Journal of Clinical Oncology ◽

10.1200/jco.2011.29.4_suppl.306 ◽

2011 ◽

Vol 29 (4_suppl) ◽

pp. 306-306

Author(s):

Y. Kang ◽

C. Yoo ◽

B. Ryoo ◽

H. Chang ◽

J. Lee ◽

...

Keyword(s):

Plasma Level ◽

Gastrointestinal Stromal Tumors ◽

Plasma Concentrations ◽

Term Treatment ◽

Albumin Concentration ◽

Stromal Tumors ◽

Long Term Treatment ◽

The Mean ◽

Median Interval

306 Background: Pharmacokinetic study in patients with gastrointestinal stromal tumors (GISTs) suggested that plasma concentrations of imatinib decrease following long-term exposure. We therefore measured changes in imatinib plasma trough levels (Cmin) after long-term exposure. Methods: Between November 2009 and May 2010, follow-up (FU) imatinib Cmin was measured in 65 patients who received the same dose of imatinib for at least 9 months after a previous baseline (BL) measurement. Total 244 blood samples were obtained (127 at BL and 117 at FU) and plasma level was measured by liquid chromatography-tandem mass spectrometry. Results: Median patient age was 54 years (range, 28–76 years) and 42 (64.6%) patients were male. Sixty-one (93.8%) patients were treated with 400 mg/day imatinib and 4 (6.2%) with 300 mg/day.
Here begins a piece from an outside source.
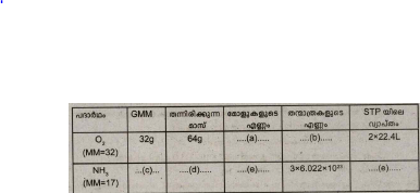 പട്ടിക പൂർത്തിയാക്കുക....

The median interval from initiation of imatinib to BL test was 6.4 months (range, 0.5–66.6 months), and the median interval between BL and FU test was 13.1 months (range, 9.6–18.4 months). The mean ± standard deviation imatinib Cmin was significantly higher at FU than at BL (1442 ± 693 ng/mL vs 1221 ± 624 ng/mL, p<0.001). The mean inter- and intra-subject variabilities were 49.2% and 25.5%, respectively, at BL, and 44.2% and 20.4%, respectively, at FU. Multivariate analysis showed a significant correlation between the ratio of FU to BL imatinib Cmin and that of albumin (r=-0.397, p=0.001). In per-sample analysis, imatinib Cmin was significantly correlated with age, hemoglobin, albumin, creatinine clearance, previous major gastrectomy and time between initiation of imatinib and plasma level tests. Conclusions: Steady-state imatinib Cmin did not decrease but remained stable in most GIST patients during long-term treatment. Changes in imatinib Cmin were associated with changes in albumin concentration. Monitoring of imatinib Cmin only for concerns about time-dependent decreases in imatinib exposure is not necessary. [Table: see text]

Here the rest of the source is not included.